Exact copy required. Repeat the records, but keep the pictures out.

* _Stored data_:
==============================

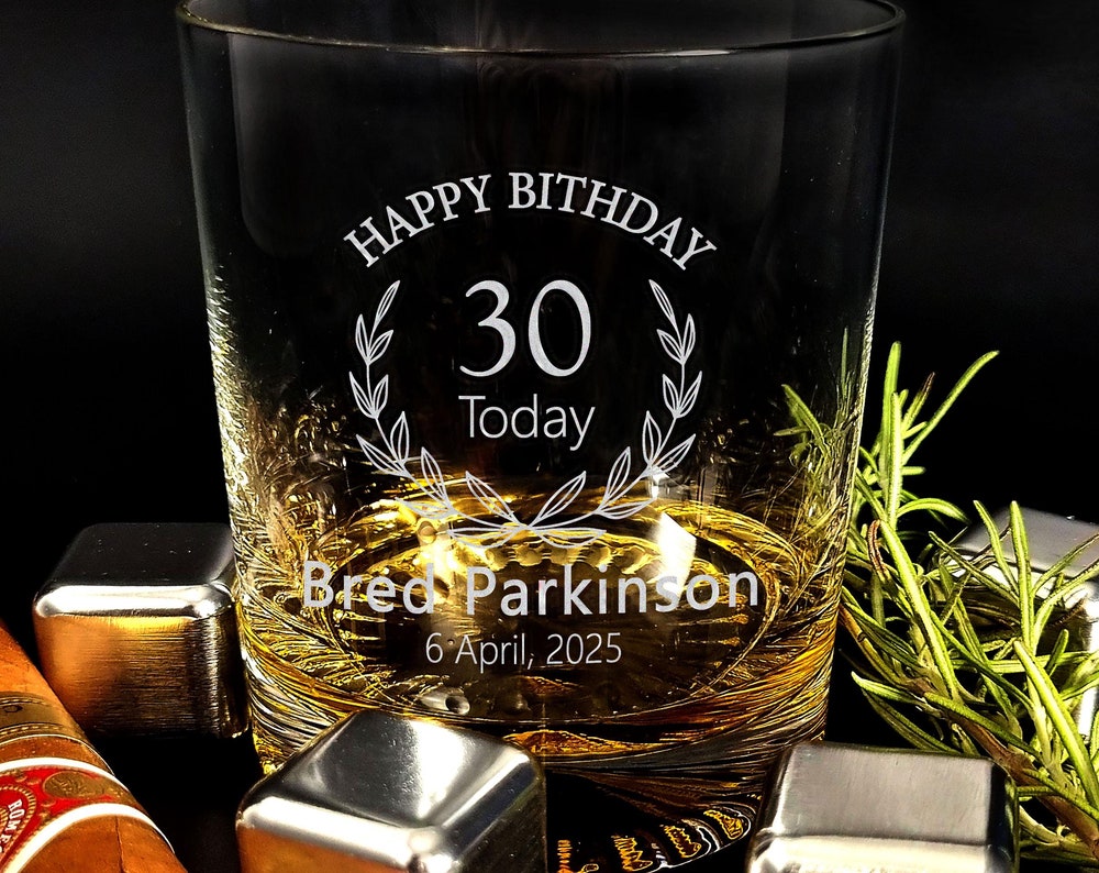 30th Years Birthday Gift for Him Whiskey Glass, Perfect Etched Glass Birthday Gift for Whiskey Lover, Personalized Glass Gift for Men
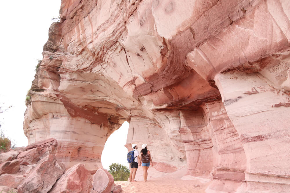 A Pedra Furada, em Ponte Alta do Tocantins, é uma das formações rochosas mais fotografadas do Jalapão. Esculpida pela ação do vento ao longo dos anos, a estrutura chama atenção principalmente ao pôr do sol, quando as tonalidades do arenito ganham ainda mais destaque.
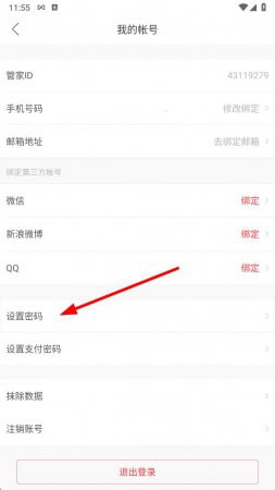 4、在我的帐号界面中,找到并点击设置密码,进入设置密码页面。
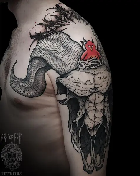Татуировка мужская графика на плече череп животного 5483
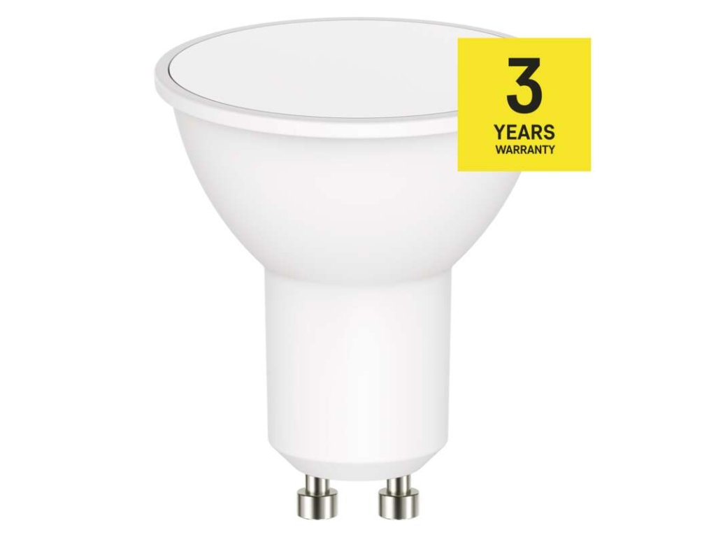 LED žiarovka s päticou GU10 s výkonom 3,8 W, 320 lumen (náhrada za žiarovku 30W). Farba svetla teplá biela 4000 Kelvin, 30 000 hod. svietivosti, uhol svietivosti 110 °. Svetelný zdroj nie je stmievateľný.
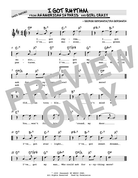 Chord I Got Rhythm Gershwin tab, song lyric, sheet, guitar
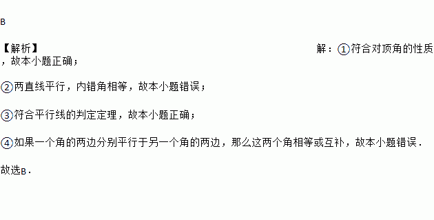 B 【解析】【解析】 ①符合对顶角的性质,故本小题正确; ②两直线平行,内错角相等,故本小题错误; ③符合平行线的判定定理,故本小题正确; ④如果一个角的两边分别平行于另一个角的两边,那么这两个角相等或互补,故本小题错误. 故选B.
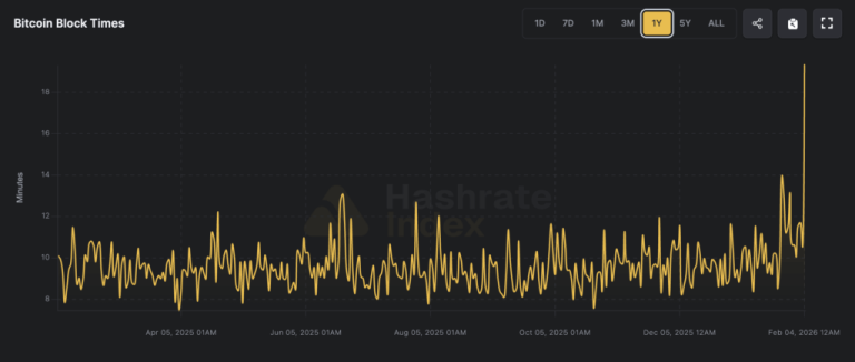 Bitcoin block times over the past year remain mostly stable near the 10-minute target, but a sharp spike in early February 2026 highlights the recent slowdown tied to miners curtailing hashpower.
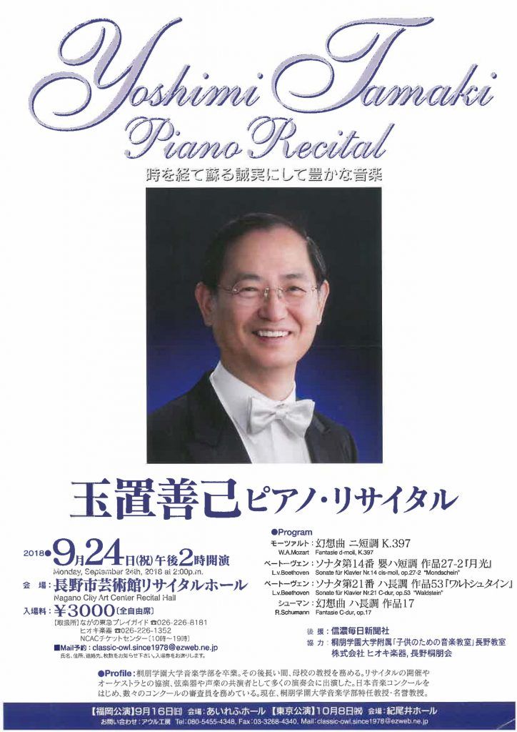 2018/09/24午前午後午前、実家。おれは部活関連の作業。家内はチクルス関連の作業。午後、芸術館リサイタルホール。玉置先生のリサイタルを拝聴。幻想曲で始めて幻想曲で締める素敵な構成。モーツァルト:幻想曲KV397ベートーヴェン:ソナタOp.27-2「月光」ベートーヴェン:ソナタOp.53「ワルトシュタイン」シューマン:幻想曲Op.17おれは映画の先行上映に行く予定にしてたので、前半だけ聴かせていただきました。申し訳ないです。後半を聴かないと、この考え抜かれたプログラミングの意図を100%味わったとは言えないのでホントに無念。玉置先生のお弟子さんの演奏はたくさん聴いてる。でも、先生の演奏は初めて聴かせて頂きました。大勢のお弟子さんたちのルーツがよくわかって、非常に興味深かったです。そーゆー点も確かに興味深かったのですが、おれはそんなことよりも先生の音楽やビアノ奏法の「クリアネス」と「誠実さ」「迷いのなさ」に感銘を受けました。先生の演奏には「これ見よがし」なところは一切なし。派手なパフォーマンスもなし。特徴的な(恣意的な)「解釈」も感じられない。しかし、その圧倒的な「クリアネス」と「迷いのなさ」で奏でられていく音楽にはとても興奮させられました。特にベートーヴェンの音楽の構造(緻密な動機操作、激しい転調など)のもの凄さが徹底的に明らかにされ、解き明かされていく様は圧巻でした。ワルトシュタインはそこそこの長さのソナタだけれど、ものすごく短く感じらた。このソナタは3楽章構成だけれども、1楽章構成のようにも聴こえたりする。実際、このソナタは2楽章が後年に短いものに書き換えられ、フィナーレへのブリッジのようにも捉えられるようなベートーヴェンの晩年の作品でよくあるような作りを先取りした格好になってる。こーゆー作り方はシューマンも追求したし、シェーンベルクやベルク、スクリャービンといった作曲家たちの作品に繋がってゆく。こうした流れを予見するような実験的かつ前衛的なベートーヴェンの過激な書法が、非常に明快に提示されてゆく。そーゆー演奏でした。それはもちろん「先生の音楽」でもあるだろうけれど、それ以前に、ただひたすら「ベートーヴェン」だった。「ただひたすらベートーヴェンであること」が先生の音楽とゆーことなんでしょうね。刺激的なひと時でした。「お人柄が表れた誠実な音楽」なんて確かにそうなんだろうけど、そんなよくある常套句では片付けたくない感じ。これが「ベートーヴェンとものすごく関係の深いシューマンの幻想曲」に繋がるのだなあと思うと、本当に後ろ髪ひかれる気持ちでしたが、ここで失礼させて頂きました。うう、無念。
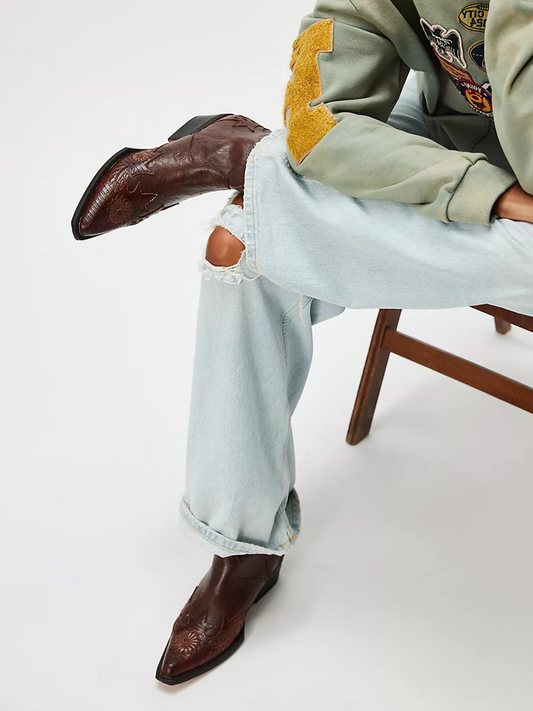 Brown Floral Applique Snip-Toe Wide Mid Calf Cowgirl Boots
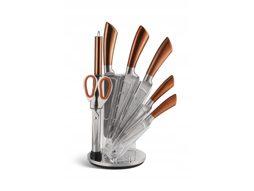 8-dielna sada kuchynských nožov so sekáčikom a nožnicami je všestrannou výbavou pre každodenné varenie. Všetky nože sú vyrobené z uhlíkovej ocele, ktorá zaručuje dlhú životnosť a precízne krájanie. Ergonomické rukoväte zabezpečia bezpečný a pohodlný úchop. Všetko je uložené v otočnom akrylovom stojane, ktorý šetrí miesto a dodá kuchyni moderný vzhľad.
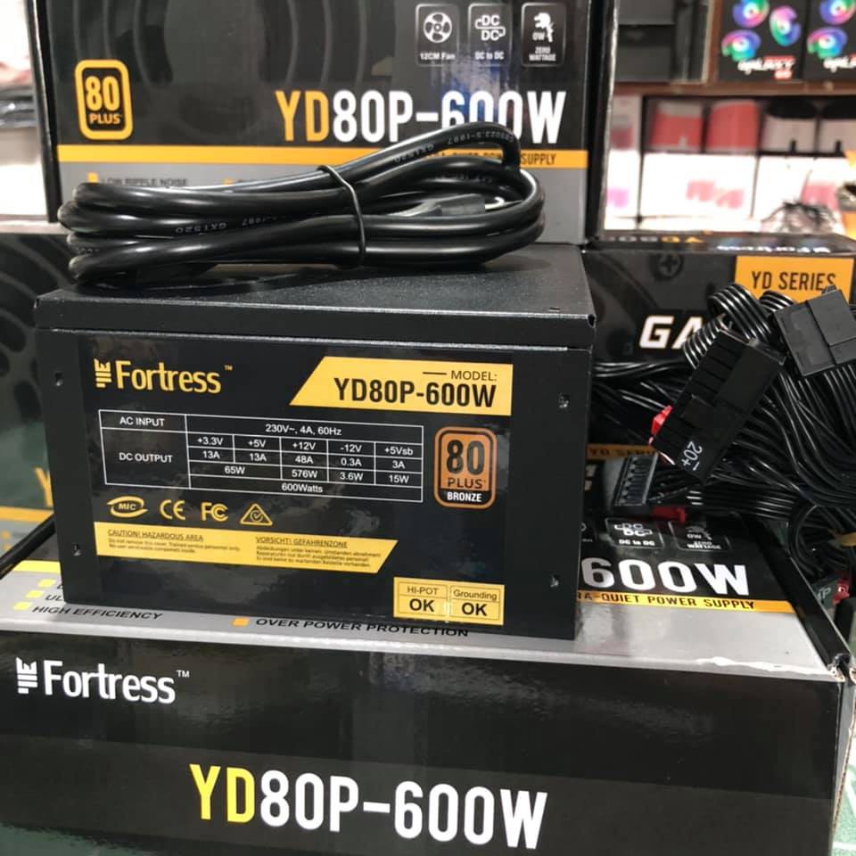 Fortress YD80P-600W True Rated Gaming Power Supply 80+ Bronze PSU with flat cables

==============================

* _Result for this task_:
 30th Years Birthday Gift for Him Whiskey Glass, Perfect Etched Glass Birthday Gift for Whiskey Lover, Personalized Glass Gift for Men
 A Pedra Furada, em Ponte Alta do Tocantins, é uma das formações rochosas mais fotografadas do Jalapão. Esculpida pela ação do vento ao longo dos anos, a estrutura chama atenção principalmente ao pôr do sol, quando as tonalidades do arenito ganham ainda mais destaque.
 4、在我的帐号界面中,找到并点击设置密码,进入设置密码页面。
Татуировка мужская графика на плече череп животного 5483
 LED žiarovka s päticou GU10 s výkonom 3,8 W, 320 lumen (náhrada za žiarovku 30W). Farba svetla teplá biela 4000 Kelvin, 30 000 hod. svietivosti, uhol svietivosti 110 °. Svetelný zdroj nie je stmievateľný.
 Chord I Got Rhythm Gershwin tab, song lyric, sheet, guitar
 B 【解析】【解析】 ①符合对顶角的性质,故本小题正确; ②两直线平行,内错角相等,故本小题错误; ③符合平行线的判定定理,故本小题正确; ④如果一个角的两边分别平行于另一个角的两边,那么这两个角相等或互补,故本小题错误. 故选B.
 Bitcoin block times over the past year remain mostly stable near the 10-minute target, but a sharp spike in early February 2026 highlights the recent slowdown tied to miners curtailing hashpower.
 2018/09/24午前午後午前、実家。おれは部活関連の作業。家内はチクルス関連の作業。午後、芸術館リサイタルホール。玉置先生のリサイタルを拝聴。幻想曲で始めて幻想曲で締める素敵な構成。モーツァルト:幻想曲KV397ベートーヴェン:ソナタOp.27-2「月光」ベートーヴェン:ソナタOp.53「ワルトシュタイン」シューマン:幻想曲Op.17おれは映画の先行上映に行く予定にしてたので、前半だけ聴かせていただきました。申し訳ないです。後半を聴かないと、この考え抜かれたプログラミングの意図を100%味わったとは言えないのでホントに無念。玉置先生のお弟子さんの演奏はたくさん聴いてる。でも、先生の演奏は初めて聴かせて頂きました。大勢のお弟子さんたちのルーツがよくわかって、非常に興味深かったです。そーゆー点も確かに興味深かったのですが、おれはそんなことよりも先生の音楽やビアノ奏法の「クリアネス」と「誠実さ」「迷いのなさ」に感銘を受けました。先生の演奏には「これ見よがし」なところは一切なし。派手なパフォーマンスもなし。特徴的な(恣意的な)「解釈」も感じられない。しかし、その圧倒的な「クリアネス」と「迷いのなさ」で奏でられていく音楽にはとても興奮させられました。特にベートーヴェンの音楽の構造(緻密な動機操作、激しい転調など)のもの凄さが徹底的に明らかにされ、解き明かされていく様は圧巻でした。ワルトシュタインはそこそこの長さのソナタだけれど、ものすごく短く感じらた。このソナタは3楽章構成だけれども、1楽章構成のようにも聴こえたりする。実際、このソナタは2楽章が後年に短いものに書き換えられ、フィナーレへのブリッジのようにも捉えられるようなベートーヴェンの晩年の作品でよくあるような作りを先取りした格好になってる。こーゆー作り方はシューマンも追求したし、シェーンベルクやベルク、スクリャービンといった作曲家たちの作品に繋がってゆく。こうした流れを予見するような実験的かつ前衛的なベートーヴェンの過激な書法が、非常に明快に提示されてゆく。そーゆー演奏でした。それはもちろん「先生の音楽」でもあるだろうけれど、それ以前に、ただひたすら「ベートーヴェン」だった。「ただひたすらベートーヴェンであること」が先生の音楽とゆーことなんでしょうね。刺激的なひと時でした。「お人柄が表れた誠実な音楽」なんて確かにそうなんだろうけど、そんなよくある常套句では片付けたくない感じ。これが「ベートーヴェンとものすごく関係の深いシューマンの幻想曲」に繋がるのだなあと思うと、本当に後ろ髪ひかれる気持ちでしたが、ここで失礼させて頂きました。うう、無念。
 Brown Floral Applique Snip-Toe Wide Mid Calf Cowgirl Boots
 8-dielna sada kuchynských nožov so sekáčikom a nožnicami je všestrannou výbavou pre každodenné varenie. Všetky nože sú vyrobené z uhlíkovej ocele, ktorá zaručuje dlhú životnosť a precízne krájanie. Ergonomické rukoväte zabezpečia bezpečný a pohodlný úchop. Všetko je uložené v otočnom akrylovom stojane, ktorý šetrí miesto a dodá kuchyni moderný vzhľad.
 Fortress YD80P-600W True Rated Gaming Power Supply 80+ Bronze PSU with flat cables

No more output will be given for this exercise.